There were similarities results between the 2005 and 2017. First, the recovery speed under RR always slower than other recovery modes, the recovery speed under BR was faster than other recovery modes initially. Secondly, different network indicators responded differently under the same recovery mode when considering the same type of attack (the three subgraphs shown in the same line). The recovery of the independent path was relatively more gradual, and its speed was slower than the other two types of indicators, no matter what kind of recovery mode. On the contrary, the connectivity showed the instant response to the relatively small increase of recovery nodes. For efficiency, its recovery speed was higher than the independent path, but its fluctuation period was longer than that of network connectivity. Additionally, each network indicator (the four subgraphs in the same column) showed a similar recovery mode after facing different attacks. For connectivity and efficiency, BR was always the faster recovery mode, i.e., for recovery to original network value than other recovery modes, no matter what kind of attack mode.
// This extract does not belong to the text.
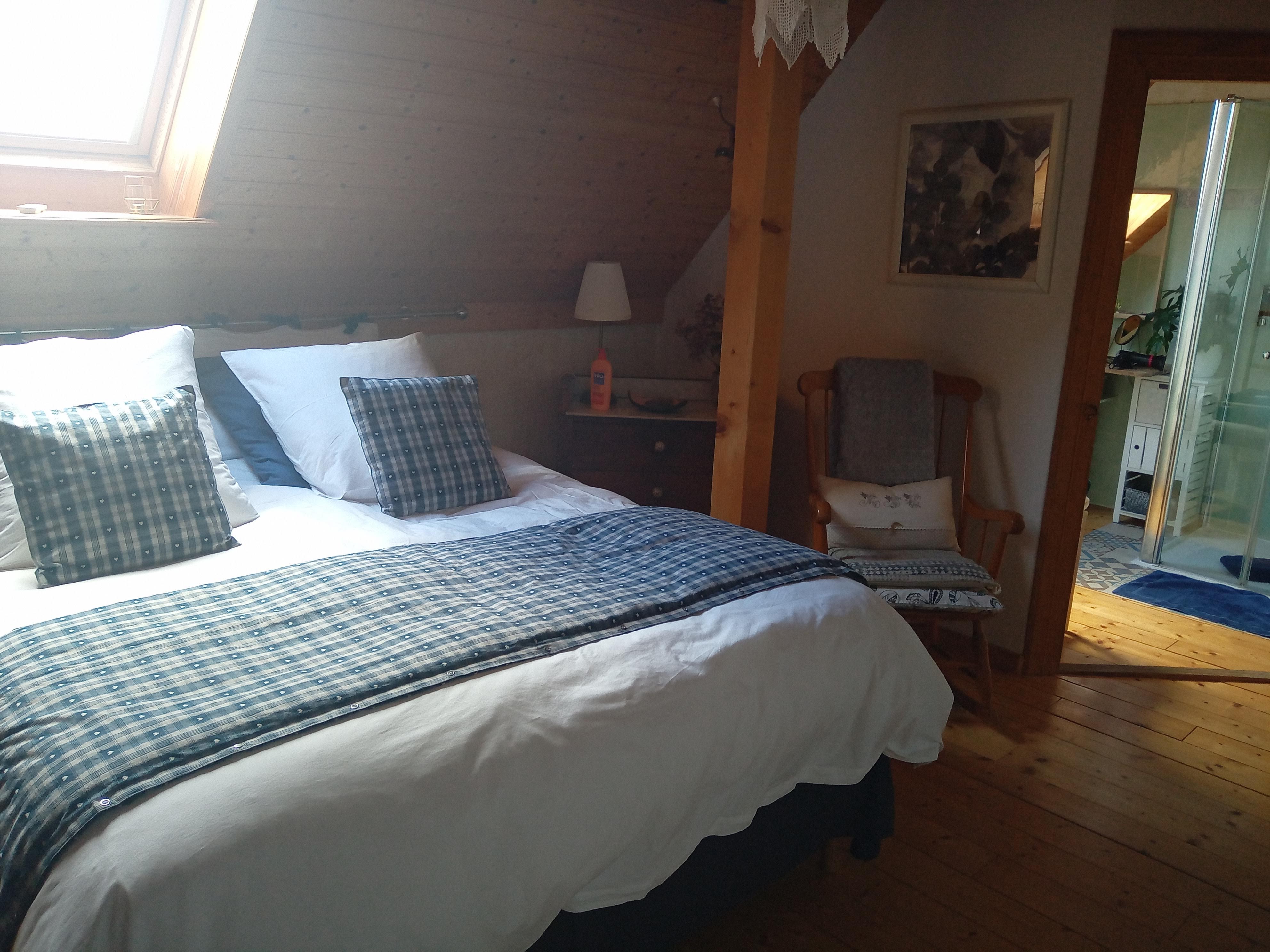 Chambre spacieuse, le calme du village, propriétaires chaleureux, un chien , un chat sympathiques. Un coq, des poules, vous passerez un agréable séjour à la campagne.

For independent path, DR always was the faster recovery mode than other recovery modes. What is more, no matter what node attack or recovery type, the results always were that: (1) the highest value of network connectivity during the recovery process reached its original level; (2) the highest value of efficiency and independent path raised beyond the original level. The main reason is the following: according to the sequence of node’s degree, betweenness, or strength for selecting the recovery nodes, the national hub nodes will start to work first. The result could be expected that the operation of hub nodes could accelerate the recovery process of the overall network. Next, the local hub ports in the network had strong connections with the national hub ports. The recovery of local hub ports further increased the network efficiency and independent path beyond the original values of the two indicators, respectively. Finally, the recovery state would turn to the periphery ports in the network. The network efficiency and independent path would decrease because the periphery ports were only connected with the hub ports.
The main difference between 2005 and 2017 is that speed of recovery to the original value of network indicators is different. By calculating the average proportion of nodes that need to be restored to the original value of network indicators under different attack and recovery modes, the results were that 28.89% of nodes were restored in 2005, while 25.42% were restored in 2017. This decrease in the proportion indicated that the overall recovery speed of CCPSN increased in 2017.
The resilience index (RI) was calculated from the beginning of the attack to the final full recovery in 2005 or 2017, as shown in Figure 6. The results showed that the difference in resilience index between 2005 and 2017 was slight. The RI under every kind of deliberate attacks was lower than that in the random attack situation. Different network indicators show different performances on the RI. The connectivity’s RI was better, but the independent path’s RI was relatively poor. This result is illustrated by Figure 4 and Figure 5. The connectivity dropped and recovered fastest, and the resilience triangle area of connectivity was small. However, the independent path was the opposite. Moreover, four recovery modes led to the differences in the RI, and the RI under RR was always smaller than that under other recovery modes.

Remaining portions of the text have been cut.